Megan Marie Hart (born 1983) is an American operatic soprano from Eugene, Oregon, performing in leading operatic roles and concerts in America and Europe.

Education 
Hart was born in Santa Monica, California, and grew up in Eugene, Oregon, after the age of six. Hart has been interested in playing the piano since she was three, and began taking lessons at age nine. In addition, she played the violin for five years, and then started choral singing. In 1999, Hart attended the Oregon Bach Festival's Youth Choral Academy for the first time, led by Anton Armstrong and Helmuth Rilling. Inspired by Rilling, Hart decided to become a professional singer instead of a pianist. Starting in 2001, Hart took professional singing lessons with voice teacher Beverly Park, who encouraged her to study with Richard Miller at the Oberlin Conservatory of Music.
In 2005, Hart received her Bachelor of Music degree from Oberlin Conservatory. In the summer of 2005, Hart was in the Gerdine Young Artists program with the Opera Theatre of Saint Louis, as well as a young artist at Opera North. In October 2005, Hart first met Marilyn Horne at Horne's master class in Oberlin. Hart received her Master of Music degree from Oberlin Conservatory in 2006. She received a Professional Studies Certificate (PS) from Manhattan School of Music, where she studied with Mignon Dunn.
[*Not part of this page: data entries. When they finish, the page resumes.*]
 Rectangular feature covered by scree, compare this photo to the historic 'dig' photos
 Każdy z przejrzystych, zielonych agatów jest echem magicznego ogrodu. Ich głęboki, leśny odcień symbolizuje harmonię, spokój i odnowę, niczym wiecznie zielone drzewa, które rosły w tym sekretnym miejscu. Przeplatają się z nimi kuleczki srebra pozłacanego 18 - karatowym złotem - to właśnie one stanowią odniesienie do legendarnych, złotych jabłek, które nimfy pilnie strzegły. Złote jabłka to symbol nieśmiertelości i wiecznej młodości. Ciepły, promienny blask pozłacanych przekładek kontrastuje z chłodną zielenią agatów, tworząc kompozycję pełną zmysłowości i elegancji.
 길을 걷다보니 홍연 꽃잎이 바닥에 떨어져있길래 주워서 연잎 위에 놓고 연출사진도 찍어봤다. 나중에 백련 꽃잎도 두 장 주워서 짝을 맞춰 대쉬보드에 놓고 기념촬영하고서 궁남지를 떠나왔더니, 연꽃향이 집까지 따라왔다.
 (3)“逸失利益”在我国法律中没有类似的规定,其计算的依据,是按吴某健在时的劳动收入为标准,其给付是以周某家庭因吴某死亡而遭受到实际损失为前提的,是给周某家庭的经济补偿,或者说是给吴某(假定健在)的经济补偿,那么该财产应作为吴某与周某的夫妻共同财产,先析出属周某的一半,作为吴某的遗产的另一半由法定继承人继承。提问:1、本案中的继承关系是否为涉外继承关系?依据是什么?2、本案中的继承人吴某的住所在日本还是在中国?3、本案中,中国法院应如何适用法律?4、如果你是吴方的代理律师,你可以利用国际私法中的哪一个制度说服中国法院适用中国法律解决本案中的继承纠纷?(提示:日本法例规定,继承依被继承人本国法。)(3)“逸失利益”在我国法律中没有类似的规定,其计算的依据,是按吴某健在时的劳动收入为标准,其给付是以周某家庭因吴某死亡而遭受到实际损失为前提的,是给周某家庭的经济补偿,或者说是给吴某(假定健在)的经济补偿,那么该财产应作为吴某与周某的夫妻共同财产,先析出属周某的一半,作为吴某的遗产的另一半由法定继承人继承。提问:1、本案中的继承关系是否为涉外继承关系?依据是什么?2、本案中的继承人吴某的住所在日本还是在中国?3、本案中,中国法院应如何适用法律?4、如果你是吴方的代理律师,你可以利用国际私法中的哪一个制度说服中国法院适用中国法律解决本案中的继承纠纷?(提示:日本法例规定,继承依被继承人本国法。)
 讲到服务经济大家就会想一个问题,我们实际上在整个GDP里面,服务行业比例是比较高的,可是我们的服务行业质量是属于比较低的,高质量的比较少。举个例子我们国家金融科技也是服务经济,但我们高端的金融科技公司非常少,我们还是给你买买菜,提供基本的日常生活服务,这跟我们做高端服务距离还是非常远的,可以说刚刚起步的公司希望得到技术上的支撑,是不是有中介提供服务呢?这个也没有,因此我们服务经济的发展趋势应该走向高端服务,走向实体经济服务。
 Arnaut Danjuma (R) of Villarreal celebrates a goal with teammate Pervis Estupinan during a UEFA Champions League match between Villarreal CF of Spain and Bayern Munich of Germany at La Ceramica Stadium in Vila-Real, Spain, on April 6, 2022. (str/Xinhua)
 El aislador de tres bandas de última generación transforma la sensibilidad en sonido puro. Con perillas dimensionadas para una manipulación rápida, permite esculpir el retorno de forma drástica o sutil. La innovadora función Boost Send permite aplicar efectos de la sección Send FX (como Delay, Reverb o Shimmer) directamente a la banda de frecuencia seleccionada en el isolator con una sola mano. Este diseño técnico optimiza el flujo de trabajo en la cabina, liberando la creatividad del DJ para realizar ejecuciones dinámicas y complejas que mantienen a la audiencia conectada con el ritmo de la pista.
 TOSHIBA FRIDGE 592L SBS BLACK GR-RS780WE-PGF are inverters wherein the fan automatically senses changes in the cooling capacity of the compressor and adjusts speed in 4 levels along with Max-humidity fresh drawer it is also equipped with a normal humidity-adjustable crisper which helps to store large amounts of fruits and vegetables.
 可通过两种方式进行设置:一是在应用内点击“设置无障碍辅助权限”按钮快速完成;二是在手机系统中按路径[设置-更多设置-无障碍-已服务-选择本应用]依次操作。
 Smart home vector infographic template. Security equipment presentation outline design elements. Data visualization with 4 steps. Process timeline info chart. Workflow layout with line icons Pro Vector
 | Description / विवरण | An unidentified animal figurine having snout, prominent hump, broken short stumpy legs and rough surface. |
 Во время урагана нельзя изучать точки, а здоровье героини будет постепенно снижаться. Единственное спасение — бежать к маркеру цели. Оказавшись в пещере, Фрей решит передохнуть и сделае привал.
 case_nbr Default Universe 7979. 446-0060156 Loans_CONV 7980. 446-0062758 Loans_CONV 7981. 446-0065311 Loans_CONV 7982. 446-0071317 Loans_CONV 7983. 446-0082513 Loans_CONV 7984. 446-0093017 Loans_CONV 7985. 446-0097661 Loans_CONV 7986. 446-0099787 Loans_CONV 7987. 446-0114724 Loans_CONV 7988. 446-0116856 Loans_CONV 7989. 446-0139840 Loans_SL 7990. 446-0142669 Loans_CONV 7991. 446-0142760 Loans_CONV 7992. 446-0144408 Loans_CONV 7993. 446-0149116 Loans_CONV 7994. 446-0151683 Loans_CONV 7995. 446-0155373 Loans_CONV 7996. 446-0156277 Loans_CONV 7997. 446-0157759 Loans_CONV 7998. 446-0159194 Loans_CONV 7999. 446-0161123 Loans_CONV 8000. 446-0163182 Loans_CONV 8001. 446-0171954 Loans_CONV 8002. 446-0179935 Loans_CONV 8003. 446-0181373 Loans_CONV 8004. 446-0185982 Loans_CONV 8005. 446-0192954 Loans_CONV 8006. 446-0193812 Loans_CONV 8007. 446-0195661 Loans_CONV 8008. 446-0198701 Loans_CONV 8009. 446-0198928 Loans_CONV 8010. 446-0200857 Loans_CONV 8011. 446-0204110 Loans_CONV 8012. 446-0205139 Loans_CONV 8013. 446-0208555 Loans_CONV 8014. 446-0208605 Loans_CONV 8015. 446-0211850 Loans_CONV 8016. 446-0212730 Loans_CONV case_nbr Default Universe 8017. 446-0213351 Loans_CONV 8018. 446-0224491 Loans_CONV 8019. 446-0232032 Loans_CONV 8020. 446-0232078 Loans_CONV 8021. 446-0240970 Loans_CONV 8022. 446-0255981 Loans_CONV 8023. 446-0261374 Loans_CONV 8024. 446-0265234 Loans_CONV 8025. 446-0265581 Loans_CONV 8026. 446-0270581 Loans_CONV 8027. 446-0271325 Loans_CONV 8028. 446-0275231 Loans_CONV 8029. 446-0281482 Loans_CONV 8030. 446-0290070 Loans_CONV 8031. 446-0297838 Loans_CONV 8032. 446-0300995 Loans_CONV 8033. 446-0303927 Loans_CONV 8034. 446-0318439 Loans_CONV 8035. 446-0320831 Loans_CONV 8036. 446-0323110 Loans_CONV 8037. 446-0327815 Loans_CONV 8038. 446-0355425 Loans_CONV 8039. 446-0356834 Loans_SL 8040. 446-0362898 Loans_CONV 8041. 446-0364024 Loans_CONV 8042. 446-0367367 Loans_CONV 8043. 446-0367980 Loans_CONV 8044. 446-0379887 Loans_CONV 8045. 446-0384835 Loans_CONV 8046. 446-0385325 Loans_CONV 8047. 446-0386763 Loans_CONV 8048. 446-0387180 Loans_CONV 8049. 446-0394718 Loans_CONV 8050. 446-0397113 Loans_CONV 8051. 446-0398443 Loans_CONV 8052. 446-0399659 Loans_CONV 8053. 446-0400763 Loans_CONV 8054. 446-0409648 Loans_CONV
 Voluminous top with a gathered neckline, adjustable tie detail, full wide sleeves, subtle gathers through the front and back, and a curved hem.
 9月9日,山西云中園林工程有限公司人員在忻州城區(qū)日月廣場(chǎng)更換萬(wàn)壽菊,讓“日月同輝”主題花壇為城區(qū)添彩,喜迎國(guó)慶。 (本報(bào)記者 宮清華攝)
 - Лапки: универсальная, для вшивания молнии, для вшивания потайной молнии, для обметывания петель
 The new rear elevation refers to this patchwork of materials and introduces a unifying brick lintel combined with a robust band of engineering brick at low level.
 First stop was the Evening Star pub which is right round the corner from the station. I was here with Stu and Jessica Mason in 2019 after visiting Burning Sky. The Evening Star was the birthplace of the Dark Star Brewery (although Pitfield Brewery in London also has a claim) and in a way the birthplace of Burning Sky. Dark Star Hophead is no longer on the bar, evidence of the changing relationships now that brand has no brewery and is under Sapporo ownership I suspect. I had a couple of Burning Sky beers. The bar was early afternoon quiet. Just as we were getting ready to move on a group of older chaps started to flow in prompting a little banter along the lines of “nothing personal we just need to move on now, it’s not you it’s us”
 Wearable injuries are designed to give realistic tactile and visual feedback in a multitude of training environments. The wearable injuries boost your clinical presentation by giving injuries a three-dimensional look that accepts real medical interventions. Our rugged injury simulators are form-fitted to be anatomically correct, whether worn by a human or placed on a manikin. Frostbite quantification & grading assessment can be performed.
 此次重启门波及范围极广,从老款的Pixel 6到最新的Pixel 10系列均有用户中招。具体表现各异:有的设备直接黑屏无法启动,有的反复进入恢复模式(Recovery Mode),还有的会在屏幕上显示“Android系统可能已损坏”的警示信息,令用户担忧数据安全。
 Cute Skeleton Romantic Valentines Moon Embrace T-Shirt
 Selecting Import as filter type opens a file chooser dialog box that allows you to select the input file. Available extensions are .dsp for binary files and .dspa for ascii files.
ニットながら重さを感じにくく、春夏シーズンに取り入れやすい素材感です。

She was a participant in Seattle Opera's Young Artist program from 2007 to 2010, where she studied with Jane Eaglen. In 2010 Hart again studied with Marilyn Horne, at the Music Academy of the West, where she won the Marilyn Horne Song Competition. Horne has since remained Hart's teacher.

Career

Opera 
Hart's operatic repertoire spans Baroque roles such as Handel's Alcina, and Almirena in his Rinaldo, leading ladies in Mozart operas such as the Countess in Le nozze di Figaro, Donna Anna in Don Giovanni, and Fiordiligi in Così fan tutte. She appeared in roles from the 20th century, such as Lady Billows in Britten's Albert Herring, the title role in Poulenc's La voix humaine and Blanche in his Dialogues of the Carmelites. She has performed lirico-spinto roles such as Verdi's Aida, Luisa Miller and Gilda in his Rigoletto, Puccini's Mimì in La bohème and Tosca, and Chrysothemis in Elektra by Richard Strauss.

In 2010, a production of Alcina with Bourbon Baroque was staged for a TV recording, that has since repeatedly been aired.

In 2015, Hart joined the ensemble of the Landestheater Detmold, Germany. In 2016 she returned to the role of the woman in La voix humaine in an all female production, staged by Karin Kotzbauer, conducted by Sachie Mallet, in set and costumes by Tatiana Tarwitz, and with dramaturge Elizabeth Wirtz. In 2018, Hart appeared as Tosca for the first time. The production was well received by critics and audience. Two awards Detmolder Theaterring were bestowed, for best direction to , and for best singer to Hart. Hart received her second Theaterring for her debut in the role of Luisa Miller in the following year. Hart left Detmold in 2020 to join the ensemble of the Staatstheater Darmstadt, where she returned to the roles of Mimì in La bohème and Donna Anna in Don Giovanni, and gave her role debuts as Elsa in Wagner's Lohengrin, Liù in Puccini's Turandot and Madeleine de Faublas in Abraham's operetta Ball im Savoy. Hart was invited back as a guest to the Landestheater Detmold in 2022 for her debut as Cio-Cio-San in Puccini's Madama Butterfly. The production was tenor Zoran Todorovich's debut as director, and conductor Per-Otto Johansson’s premiere as Generalmusikdirektor.

Concerts 
In 2008 Hart performed with the early music ensemble Bourbon Baroque. The same year, she made her first TV appearance as a professional singer as the soprano soloist in Beethoven's Ninth Symphony with the Seattle Symphony in a concert for the Dalai Lama and Desmond Tutu. With the same orchestra she sang in a Holiday Pops concert conducted by Marvin Hamlisch, where she premiered his song Chanukah Lights, an original composition written for the occasion. In 2009 she performed art songs composed by Lazar Weiner, a survivor of the Holocaust, with Music of Remembrance. With the same ensemble she sang the soprano solo in Shostakovich's song cycle From Jewish Folk Poetry in 2010. The same year, she performed excerpts from Rufus Wainwright's Prima Donna in a concert with the Oregon Symphony.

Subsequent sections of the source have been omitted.